Batch	Single	Description
`pypi_version_specifiers(n)`	`pypi_version_specifier()`	PEP 440 (e.g. `>=1.2,<2.0`, `~=1.0`)
`npm_version_ranges(n)`	`npm_version_range()`	npm (e.g. `^1.2.3`, `~1.2.3`, `1.x`)
`cargo_version_reqs(n)`	`cargo_version_req()`	Cargo (e.g. `^1.0`, `~1.2`)
`maven_version_ranges(n)`	`maven_version_range()`	Maven (e.g. `[1.0,2.0)`)
`gem_version_requirements(n)`	`gem_version_requirement()`	RubyGems (e.g. `~> 1.2`)

Package identity

Batch	Single	Description
`pypi_package_names(n)`	`pypi_package_name()`	PEP 503 normalised (lowercase `[a-z0-9-]`)
`npm_package_names(n)`	`npm_package_name()`	Plain or `@scope/pkg` (~30% scoped)
`cargo_package_names(n)`	`cargo_package_name()`	Rust-ident flavour
`gem_names(n)`	`gem_name()`	RubyGems gem name
`maven_group_ids(n)`	`maven_group_id()`	Reverse domain (e.g. `com.example.tools`)
`maven_artifact_ids(n)`	`maven_artifact_id()`	Lowercase with hyphens
`maven_coordinates(n)`	`maven_coordinate()`	GAV (`group:artifact:version`)

Full requirement lines

Batch	Single	Description
`pypi_requirements(n)`	`pypi_requirement()`	e.g. `requests>=2.0.0,<3.0.0`

from forgery import Faker

fake = Faker()
fake.seed(42)
fake.pypi_requirement()       # 'requests>=2.0.0,<3.0.0'
fake.maven_coordinate()       # 'com.example.tools:widget-core:1.2.3-SNAPSHOT'
fake.npm_package_name()       # '@types/fast-parser'
fake.spdx_license()           # 'Apache-2.0'
fake.git_username()           # 'tiny-logger42'
fake.commit_sha()             # 'a1b2c3d4e5f6a1b2c3d4e5f6a1b2c3d4e5f6a1b2'

The nine batch methods below accept unique=True for no-duplicate output, matching the names(n, unique=True) pattern — useful when seeding registry tables that have a unique-name constraint. Exhausting the combinatorial pool raises ValueError:

fake.pypi_package_names(100, unique=True)   # 100 distinct package names
fake.maven_coordinates(500, unique=True)    # 500 distinct GAVs
fake.spdx_licenses(60, unique=True)         # ValueError: only 50 SPDX IDs available

Methods with unique support: pypi_package_names, npm_package_names, cargo_package_names, gem_names, maven_group_ids, maven_artifact_ids, maven_coordinates, git_usernames, spdx_licenses.

Profile

Batch	Single	Description
`profiles(n)`	`profile()`	Complete personal profiles (returns dict)

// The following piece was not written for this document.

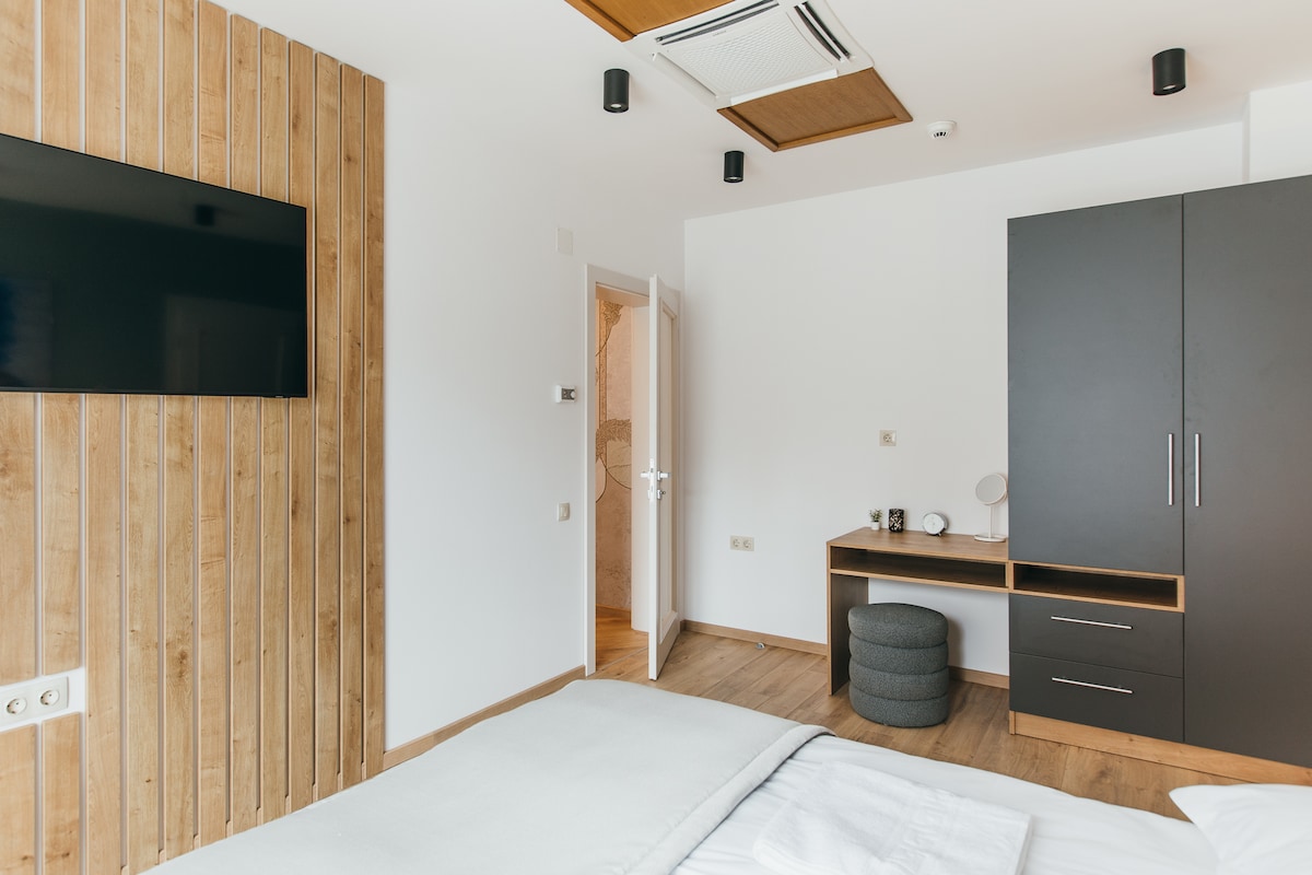 The Deluxe Apartment is the most spacious apartment in Nozon Apartments, which is the perfect place for 4-6 people. Ogromna dnevna soba, moderna kuhinja, udobne spavaće sobe i funkcionalno kupatilo gostima pružaju sve što je potrebno za ugodan i udoban boravak. Uživajte u luksuzu i udobnosti apartmana Deluxe!

Each profile dict contains: first_name, last_name, name, email, phone, address, city, state, zip_code, country, company, job, date_of_birth.

from forgery import Faker

fake = Faker()
fake.seed(42)
p = fake.profile()
# {"first_name": "Ryan", "last_name": "Grant", "name": "Ryan Grant",
#  "email": "rgrant@example.com", "phone": "(555) 123-4567", ...}

Unique Value Generation

For batch methods that select from finite lists (names, cities, countries, etc.), you can request unique values:

from forgery import Faker

fake = Faker()
fake.seed(42)

# Generate 50 unique names (no duplicates)
unique_names = fake.names(50, unique=True)
assert len(unique_names) == len(set(unique_names))

# Generate 20 unique cities
unique_cities = fake.cities(20, unique=True)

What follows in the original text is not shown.